Antilogia

El Trump que necesita México

El próximo 20 de enero, cuando Donald Trump asuma la presidencia de Estados Unidos, México tendrá un vecino distante y amenazante.

En este nuevo contexto, nuestro país tendrá que elegir claramente entre dos opciones: iniciar una ruta propia para alcanzar realmente su independencia económica y financiera o continuar el camino de la globalización subordinada y excluyente que lo tiene al borde de una crisis sistémica sin precedente.

La extrema vulnerabilidad en la que se encuentra el país no es culpa de Donald Trump ni del Partido Republicano ni de los gobiernos estadunidenses que le antecedieron.

La responsabilidad es del modelo de desarrollo y de la política económica que terminó convirtiendo a México en el estado 51 de la unión americana; es decir, la integración pasiva, unilateral y asimétrica que implicó sacrificar el mercado interno, la industria, el campo y hasta la cultura nacional. Fue el modelo que impulsaron por igual el PRI y el PAN en el último cuarto de siglo, generando desigualdad extrema y donde la globalización devino en neocolonialismo (México es de los países con más tratados comerciales en el mundo, pero 80% de su comercio depende de un solo país).

Si hoy somos presa fácil de las amenazas del exterior y de tuits de 140 caracteres que le cuestan al país hasta 2 mil millones de dólares de sus reservas, es porque nuestro sistema inmunológico, es decir, nuestra vida pública y económica interna, está deteriorada y minada.

Al provocar la cancelación de inversiones estadunidenses y alejar las europeas y asiática, lo que está haciendo el señor Trump es destetar y cortar el cordón umbilical de México respecto de su nodriza o ama de crianza económica, el mercado estadunidense.

En este nuevo entorno, la verdadera oportunidad para fortalecernos como país no vendrá de continuar con las llamadas reformas estructurales y la política económica que nos debilitaron, sino emprender una política de independencia económica, financiera, comercial, tecnológica y energética.

Por más paradójico y contradictorio que parezca, para impulsar ese cambio profundo necesitamos un Trump a la mexicana. No el bully, el misógino, el antiinmigrante, el oligarca y el antimexicano. Ese no. El otro Trump: el que se atraviesa a medio mundo para generar empleos en su nación, el “antisistema” que juega y cambia las reglas del juego, que antepone lo local a lo global, que coloca las riendas del Estado a las del mercado y pone un freno de mano a las corporaciones extranjeras que amenazan a las corporaciones nacionales.

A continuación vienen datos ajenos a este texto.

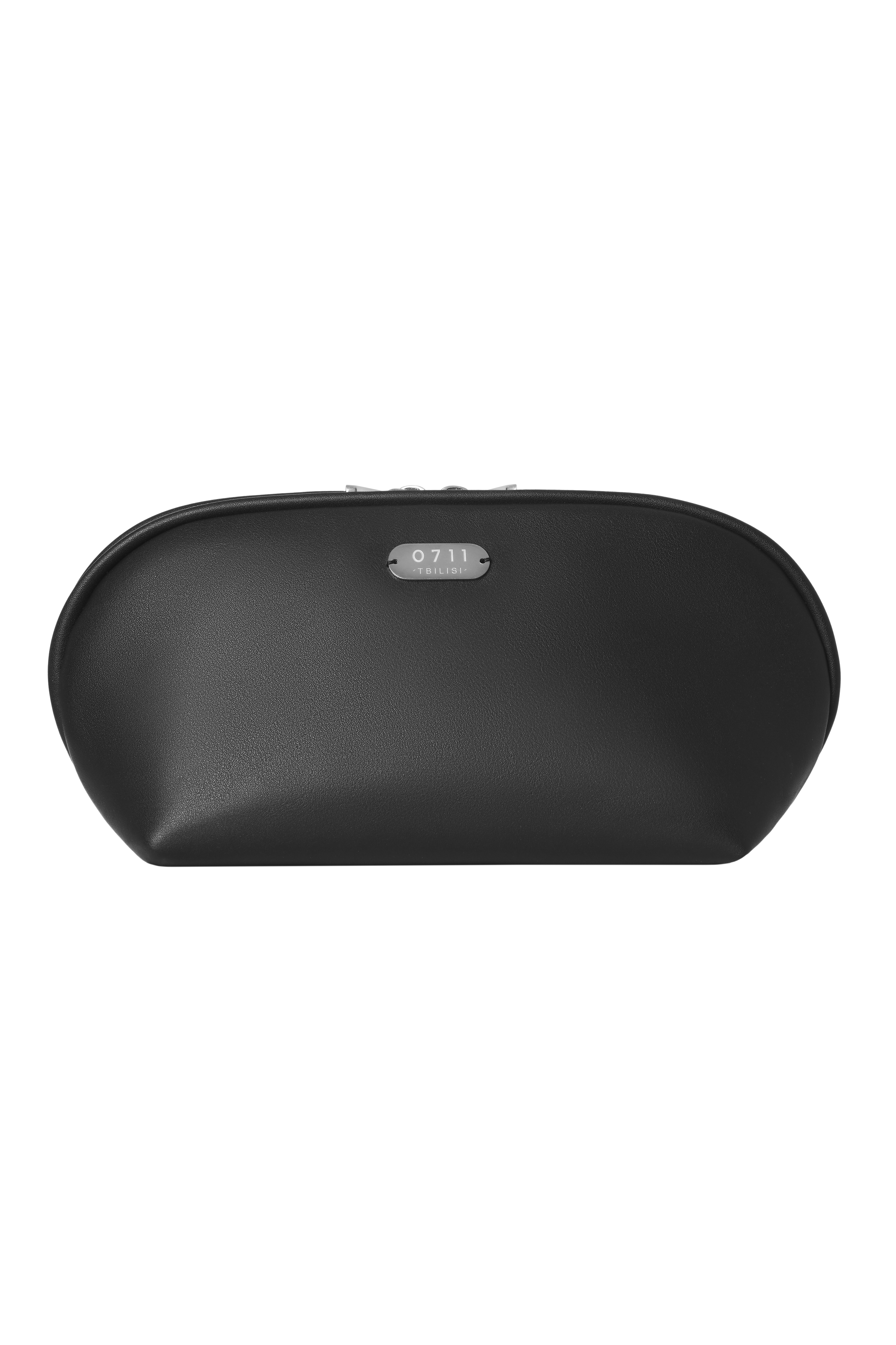 Black cosmetic pouch with signature zip closure, logo at the front & soft corners.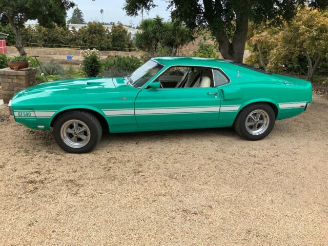 RARE COLOR ORIGINAL FACTORY GRABBER GREEN 1969 SHELBY GT 500 C6 AUTO TRANSMISSION WITH ORIGINAL WHITE INTERIOR. I HAVE THE MARTI REPORT. NEEDS A NEW HEATER CORE. I HAD THE DRIVETRAIN REBUILT, ALL NEW EXHAUST, NEW GAS TANK AND FUEL SENDING UNIT, TIRES, BATTERY, STARTER, HIGH FLOW WATER PUMP, REBUILT OEM BRAKE BOOSTER, REBUILT OEM ALTERNATOR, OEM GLASS ALL AROUND, OEM REAR WINDOW LOUVERS, NEW CARPET, MASTER CYLINDER, NEW KONI SHOCKS, PETRONIX IGNITION AND NEW HOLLEY CARB FOR RELIABILITY. ORIGINAL FLAWLESS HEADLINER AND ORIGINAL SEAT COVERS . I WELCOME INSPECTIONS. NUMBERS MATCHING CAR. BUYING AS IS. I RESERVE TO END THE AUCTION EARLY. NO TRADES. ANY QUESTIONS 805-220-8419 OR johnpersoon35@gmail.com.

Necesitamos un presidente que defienda empleos, salarios remuneradores y crecimiento económico como prioridad de gobierno. Que impulse la industria, el campo y el comercio internos por encima de la competencia desleal externa. Que haga del ingreso de los trabajadores y sus familias el principal apoyo del mercado interno, no su principal escollo. Y que convierta la política fiscal en un detonador del desarrollo, no en una rueda de molino al cuello.

Pero no es suficiente. Para la era Trump, México necesita en el 2018 alguien mejor que Trump. Un presidente nacionalista, no xenófobo. Progresista, no proteccionista. Integrado a un mundo multipolar, no entregado a una sola potencia. Promotor de puentes, no de muros. Impulsor de un cambio verdadero. Que ame y unifique al país, y que entienda que la fortaleza interna es el mejor antídoto contra las amenazas externas.